Dark/Light Mode

Kasus Korupsi Proyek Iklan BJB, KPK Bongkar Modus TSK Pinjam Bendera

Rabu, 25 Februari 2026 06:55 WIB
Juru Bicara KPK Budi Prasetyo. (Foto: M Wahyudin/RM)
Juru Bicara KPK Budi Prasetyo. (Foto: M Wahyudin/RM)

RM.id  Rakyat Merdeka - Komisi Pemberantasan Korupsi (KPK) mengungkapkan modus pinjam bendera dalam perkara dugaan korupsi pengadaan iklan di Bank Jawa Barat dan Banten (BJB). Perkara ini turut menyeret mantan Gubernur Jawa Barat Ridwan Kamil alias RK.

Juru Bicara KPK Budi Prasetyo mengatakan, pengungkapan modus tersebut dari hasil pemeriksaan para saksi perkara ini. Pemeriksaan saksi-saksi dimaksud terkait adanya praktik pengondisian pekerjaan di BJB. 

“Salah satunya dengan modus pinjam bendera, sehingga pihak-pihak yang bisa masuk untuk mengerjakan proyek-proyek ataupun pekerjaan di BJB ini ya sudah ada pihak-pihak yang melakukan pengkondisian,” kata Budi kepada wartawan di Gedung Merah Putih KPK, Jakarta Selatan, Selasa (24/2/2026) petang. 

Karenanya, penyidik bakal menelusuri pihak-pihak yang diduga melakukan pengkondisian tersebut. 

Baca juga : Ribuan P3K Tidak Dapat THR, Bupati Kudus Imbau ASN Donasi Sukarela

Dan menurut Budi, para saksi telah memberikan keterangan yang dibutuhkan penyidik. Termasuk sejumlah dokumen yang diperlukan. “Tentu keterangan dari saksi yang hadir hari ini membantu penyidik untuk kemudian mengungkap dan membuka perkara ini menjadi lebih terang,” imbuhnya. 

Adapun penyidik memeriksa dua orang saksi dalam perkara ini yang berasal dari perusahaan jasa penempatan iklan, yakni SYT dan LV selaku pegawai PT BSCA. Pemeriksaannya di Gedung Merah Putih KPK pada Selasa (24/2/2026). 

Sebelumnya, KPK mengungkapkan juga tengah menelusuri aktivitas mantan Gubernur Jawa Barat (Jabar) Ridwan Kamil alias RK di luar negeri.
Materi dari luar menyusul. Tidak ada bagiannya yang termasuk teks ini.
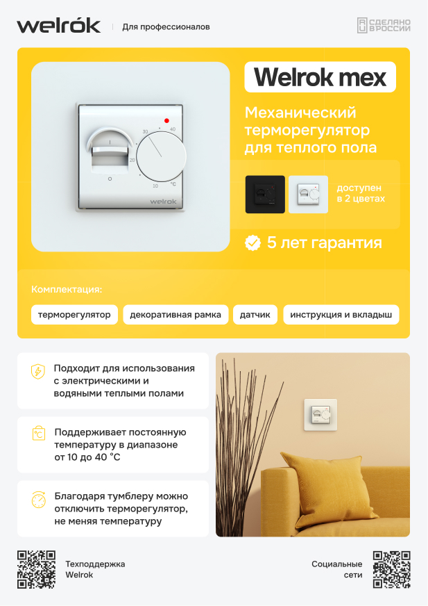 Welrok mex — это надежный механический терморегулятор, оснащенный выключателем, который идеально подходит для систем теплого пола. С помощью тумблера вы можете отключить термостат, не меняя заданную температуру.

Termasuk soal adanya penukaran uang yang mencapai miliaran rupiah. 

Juru Bicara KPK Budi Prasetyo menerangkan, penyidik mendalami komunikasi yang dilakukan RK dengan pihak BJB. Sehingga saat ini fokus pemeriksaan telah bergeser. 

Baca juga : Klaim Arif Dan Bijaksana, Golkar Usulkan Ambang Batas Parlemen 5 Persen

“Jadi, selain kita fokus di klaster satu, terkait dengan dugaan penyimpangan, pengondisian dalam proses pengadaan iklan, penyidik juga paralel, intens berkoordinasi dengan pihak auditor negara, dalam hal ini BPK,” ungkapnya kepada wartawan di Gedung Merah Putih KPK, Jakarta Selatan, Jumat (30/1/2026) malam. 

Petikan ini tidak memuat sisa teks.